Le président de la Commission électorale nationale Kim Yong-Deok a fait part d'une "inquiétude croissante" face à cette tension avant l'élection d'un nouveau président, qui devrait avoir lieu le 9 mai.

"Le scrutin doit fournir l'occasion de dépasser les divisions et les conflits et d'aboutir à l'unité nationale et l'harmonie", a-t-il déclaré dans un discours télévisé en direct.

Dans ses éditoriaux, la presse sud-coréenne appelait à mettre fin aux manifestations de rue.
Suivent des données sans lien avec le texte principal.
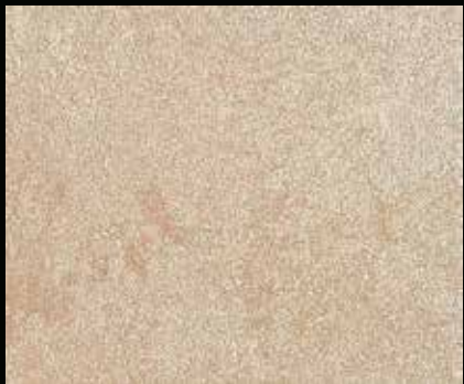
Toner № 521 - 1cc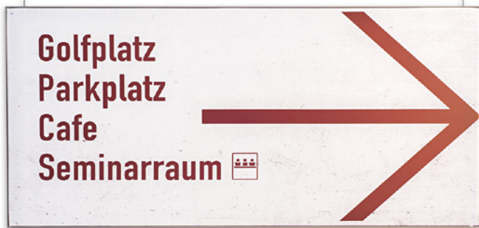
Profil AF33 | Hängeschild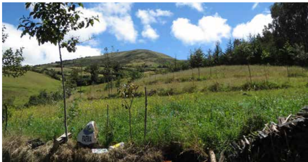
Foto 14: Terrazas para cultivos. Chalgvar (Ecuador)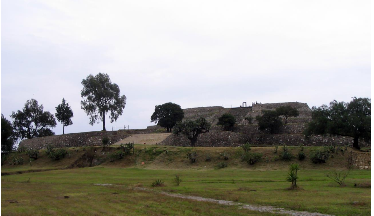
4. Edificio de las Flores de Xochitécatl.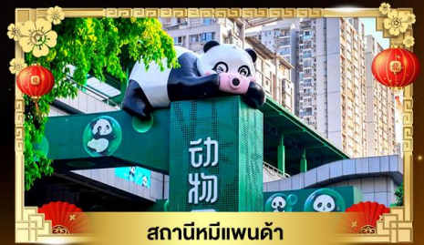
สถานีหมีแพนด้า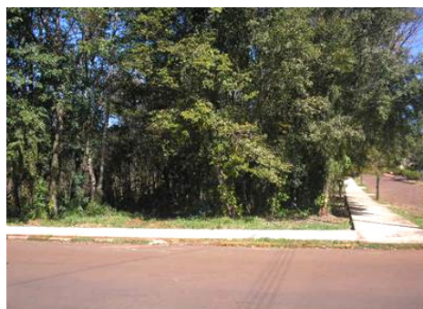
Figura 6 - Bosque próximo a EMEI

Uma semana depois do plantio do Jardim, este não era mais novidade para as crianças e o que fazer a este respeito? Muitos ajudantes do dia não regavam as flores, alguns esqueciam qual era seu dia, então fomos passear no bosque próximo a EMEI, para que as crianças refletissem sobre suas atitudes. Trabalhou-se no passeio a História, como era antes de os homens chegarem aqui, que o bosque não teve interferência humana, que as árvores, flores nasceram por conta e/ou por alguns fatores da natureza, como vento, passarinhos.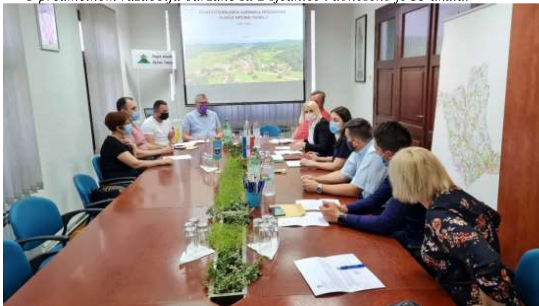
Konstituirajuća sjednica, 10.06.2021.

U predmetnom razdoblju održane su 2 sjednice i doneseno je 35 akata.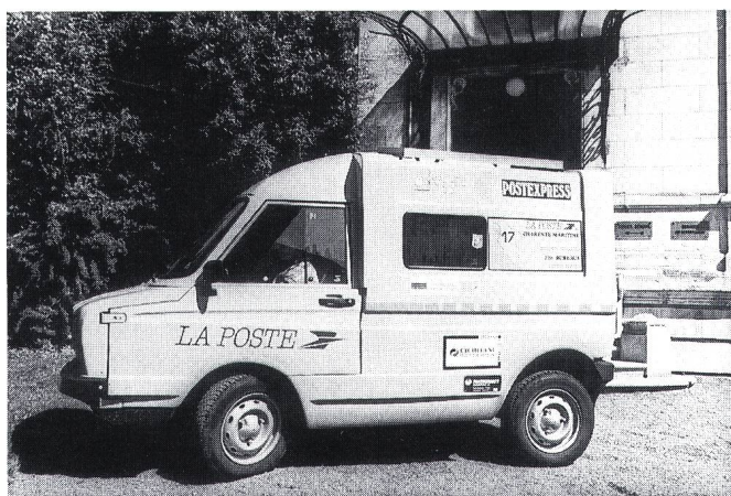
Figur 4 Der Volta-Kastenwagen (Frankreich)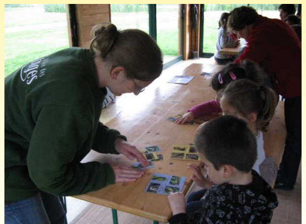
Jeu de loto sur le thème de la locomotion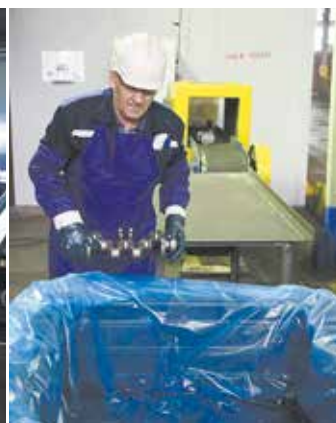
Организация поточной линии решила вопросы обеспечения качества поставок, упаковки и отгрузки продукции по принципу FIFO. В итоге в три раза возросла производительность финишных операций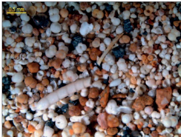
Obr. 3: Společenstvo foraminifer z vápničných jííl. Fig. 3: Assemblage of foraminifers from calcareous clays.

celkového trendu růstu relativní hladiny. Detailnější odlišení systémového traktu ve smyslu sekvenční stratigrafie vyžaduje širší srovnání.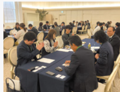
情報誌を磨き上げるためにさまざまな議題を議論した現場メンバー会議

次は初の中四国九州、関東、そして第二回を迎える東北と、今期は各地のブロック単位のVCサミットが控えています。全国で『地域みっちゃく生活情報誌®』を発行するVC加盟社に役立つ情報を提供することは、情報誌の質向上と、地域課題の解決につながります。結束を高め、地域を元気にする情報誌の輪を上げてまいります。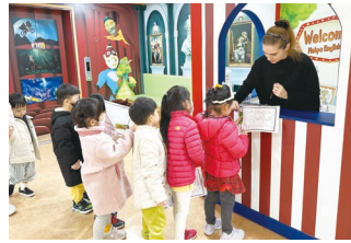
영어 도서관 체험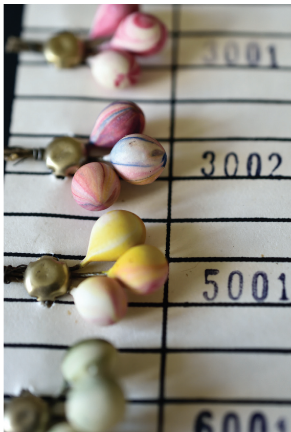
Obr. 4: Vzorkovnicová karta melírovaných pestiků – zlepšovateľský návrh D. Dvořákové a J. Javorovského.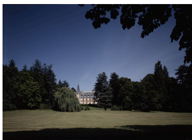
Vue d'ensemble depuis le portail d'entrée.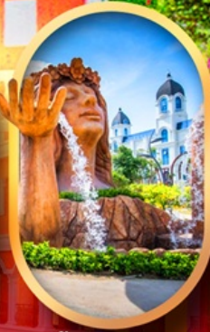
น้ำตกเทพหญิง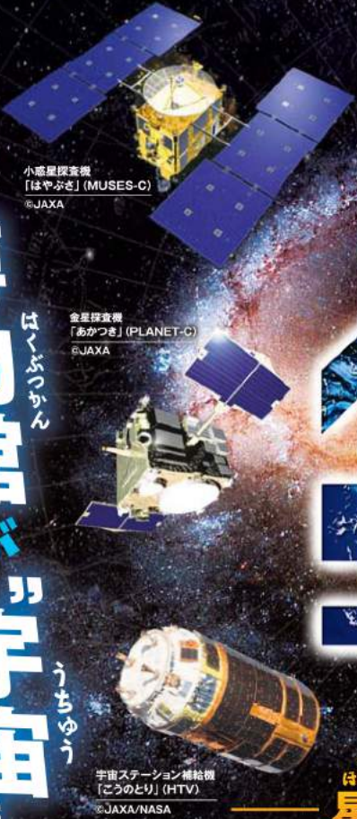
小惑星探査機「はやぶさ」(MUSES-C)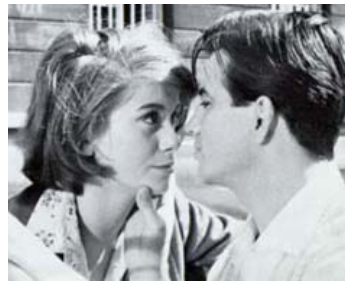
1957 LES PORTES CLAQUENT de Jacques Poitrenaud avec Maurice Sarfati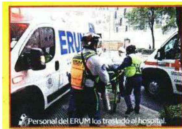
Personal del ERUM los trasladó al hospital.

En el hospital hay personal de LOGRA que cuidaba a los heridos y que se negó a dar detalles del estado de salud de los obreros lesionados.

Opposants comme partisans de Geun-Hye Park s'étaient rassemblés à Séoul pour entendre la décision de la Cour constitutionnelle qui a entériné vendredi la destitution de la présidente.

50.000 manifestants

Des milliers de policiers anti-émeutes étaient déployés à Séoul alors qu'environ 50.000 manifestants opposés à Geun-Hye Park célébraient le verdict en scandant: "le peuple a gagné! Arrêtez Park!".

De leur côté, environ 20.000 partisans de Geun-Hye Park en colère s'étaient regroupés pour réclamer un ré-examen de la décision de la Cour. La police avait installé des barrières pour séparer les manifestations opposées.

Geun-Hye Park, 65 ans, fille du dictateur militaire Park Chung-Hee, était devenue en 2012 la première femme à présider son pays. Elle devient le premier chef de l’État de Corée du Sud à être limogé de la sorte.